— Нездоровится мне.
Он осторожно, на пальцах ног, подошел к ней, склонился, заглядывая в глаза.
— Можно мне посидеть у тебя?
И когда она утвердительно кивнула головой, Сима тихо примостился на краю кровати, положил белую руку Лодки на колено себе и стал любовно гладить ладонью своею горячую пушистую кожу от локтя до кисти.

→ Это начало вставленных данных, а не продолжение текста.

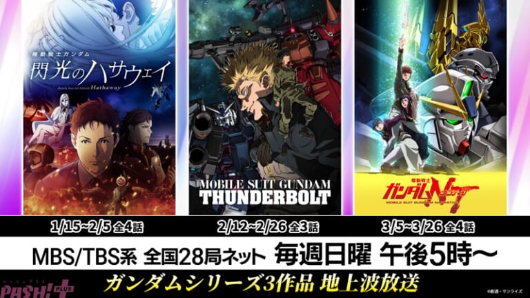 バンダイナムコグループの横断プロジェクト“ガンダムプロジェクト”と、バンダイナムコフィルムワークスは、2023年1月より放送を開始するガンダムシリーズ3作品『機動戦士ガンダム閃光のハサウェイ』、『機動戦士ガンダム サンダーボルト』、『機動戦士ガンダムNT』、並びにTVアニメーション最新作『機動戦士ガンダム 水星の魔女』の放送情報を公開しています。 10月2日より地上波放送展開“GUNDAM NEXT FUTURE×日5”として、MBS/TBS系全国28局ネットの“日5”枠にて放送中の『機動戦士ガンダム 水星の魔女』に続き、1月15日より同枠にてガンダムシリーズの原点となる“宇宙世紀”を舞台にした3作品、『機動戦士ガンダム 閃光のハサウェイ』(劇場作品)、『機動戦士ガンダムサンダーボルト』(OVA)、『機動戦士ガンダムNT(ナラティブ)』(劇場作品)がTVエディションとして、順次放送開始いたします。 1月15日より『機動戦士ガンダム 閃光のハサウェイ』が全4話、2月12日より『機動戦士ガンダム サンダーボルト』が全3話、3月5日より『機動戦士ガンダムNT』が全4話で放送予定になります。 1月から放送予定の3作品は、ガンダムシリーズの原点となる『機動戦士ガンダム』から続く“宇宙世紀”を舞台に、ガンダムシリーズのより奥深い側面もお楽しみいただける作品となっています。 また、“日5”枠にて放送中の『機動戦士ガンダム 水星の魔女』は、12月30日よりBS11ガンダムアワーでも19:00から放送を開始いたします。さらに、2023年1月6日より、MBS・TBS“アニメイズム”枠にて、毎週金曜深夜2:25からのアンコール放送も決定しています。 【宇宙世紀3作品TVエディション放送情報】 ■毎週日曜17:00~ MBS/TBS 系全国28局ネットにて放送 『機動戦士ガンダム 閃光のハサウェイ』TVエディション(全4話):1月15日、1月22日、1月29日、2月5日:日曜17:00~ 『機動戦士ガンダム サンダーボルト』TVエディション(全3話):2月12日、2月19日、2月26日:日曜17:00~ 『機動戦士ガンダムNT』TV エディション(全4話):3月5日、3月12日、3月19日、3月26日:日曜17:00~ 【『機動戦士ガンダム 水星の魔女』放送情報】 ■毎週日曜17:00~ MBS/TBS 系全国28局ネットにて放送中 12月25日日曜17:00~ 第11話「地球の魔女」放送 1月8日日曜17:00~ 第12話放送(第1クール最終回) ※第2 クールは 2023 年 4 月より放送開始 ■12月30日よりBS11 ガンダムアワー 毎週金曜19:00~放送開始 12月30日金曜19:00~ 「PROLOGUE」放送 1月6日金曜19:00~ 第1話「魔女と花嫁」放送 ■2023年1月6日より MBS日、TBS“アニメイズム”枠にて毎週金曜深夜2:25~放送開始 1月6日金曜深夜2:55~ 第1話「魔女と花嫁」放送 ※第1話は“KOBELCOスポーツスペシャル 第102回全国高校ラグビー大会ハイライト”放送のため、深夜2:55から放送いたします。 ※第2話は『金曜ドラマ』時間拡大のため、深夜2:10から放送いたします。 (C)創通・サンライズ (C)創通・サンライズ・MBS

— Вчера, сидя на большой дороге, еще стихи сочинил, — сказать?
— Про богородицу? — сквозь зубы спросила Лодка.
— Нет, так — про жизнь. Сказать?
— Ну, скажи, — вздохнув, разрешила женщина.
Господи — помилуй!
Мы — твои рабы!
— начал Сима шепотом. Лодка поучительно заметила:
— Всё ты — про одно и то же! Это не больно трудно всегда про одно говорить.
Сима усмехнулся и, покорно опустив голову, замолчал.
— Ну? — закрыв глаза, спросила Лодка.
Он снова забормотал скороговоркой чуть слышно:
Господи — помилуй!
Мы — твои рабы!
Где же взять нам силы
Против злой судьбы
И нужды проклятой?
В чем мы виноваты?
Мы тебе — покорны,
Мы с тобой — не спорим,
Ты же смертью черной
И тяжелым горем
Каждый день и час
Убиваешь нас!
— Что ты всё жалуешься? — перебила его Лодка, неприязненно хмурясь. — Ты бы лучше мне сочинил хоть какие-нибудь любовные стишки, а то — господи да господи! Что ты — дьячок, что ли? Любишь, а стишков не догадаешься сочинить!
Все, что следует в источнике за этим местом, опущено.